US sanctions DPRK leader over rights abuses
The United States on July 6 sanctioned the Democratic People's Republic of Korea (DPRK) leader Kim Jong Un for the first time, citing "notorious abuses of human rights," in a move that diplomats say will incense the nuclear-armed country.
The sanctions, the first to target any North Koreans for rights abuses, affect property and other assets within US jurisdiction and extend to 10 other individuals and five government ministries and departments, the USTreasury Department said in a statement.
The sanctions place those officials on a blacklist making them radioactive to major financial institutions and companies while freezing any assets they may already have in US banks.
"Under Kim Jong Un, the DPRK continues to inflict intolerable cruelty and hardship on millions of its own people, including extrajudicial killings, forced labor, and torture," Acting Undersecretary for Terrorism and Financial Intelligence Adam J. Szubin said in the statement.
In the DPRK, the leader is the subject of state-mandated adulation and considered infallible.

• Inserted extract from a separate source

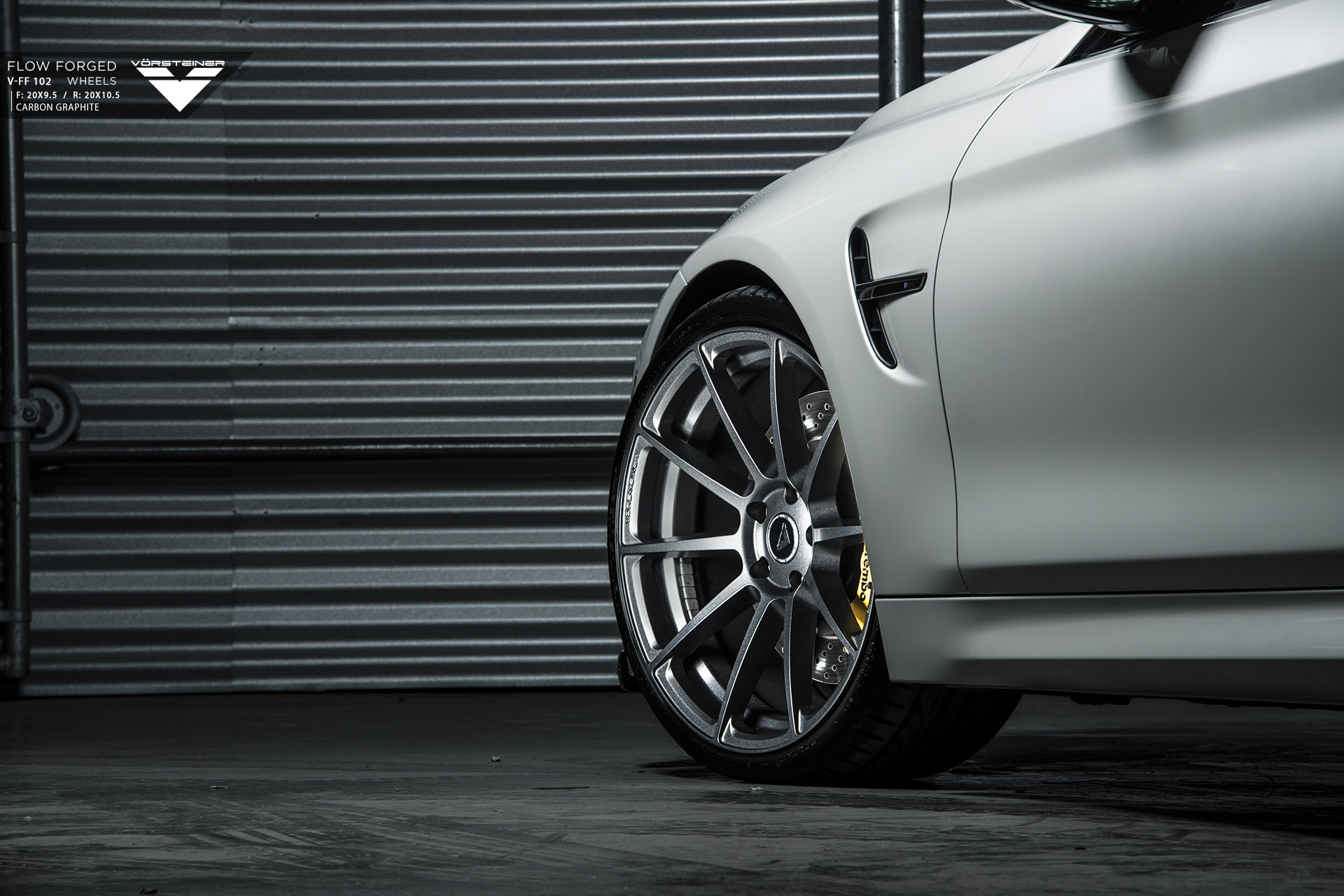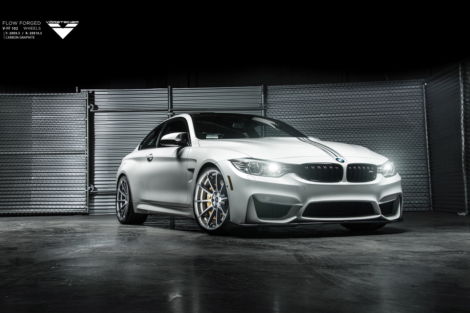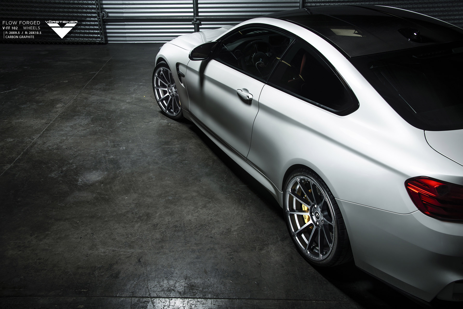 This BMW M4 features our newest Aero Front Spoiler and Evo Deck Lid Spoiler made in our signature PrePreg Carbon Fiber. Also fitted to the vehicle are our 20" Flow Forged V-FF 102 Wheels in Carbon Graphite in addition to the GTS Diffuser & Exhaust Tip Set.

In a report by the US State Department to Congress, Kim Jong Un topped a list of those responsible for serious human rights abuses and censorship in the DPRK. Many of the abuses happen in the DPRK's political prisoner camps, which hold between 80,000 and 120,000 prisoners including children, the report said.
The Treasury statement said he had "engaged in, facilitated, or been responsible for an abuse or violation of human rights by the Government of DPRK or the Workers’ Party of Korea."
The sanctions also named lower-level officials such as Choe Pu Il, the minister of People’s Security, as directly responsible for abuses.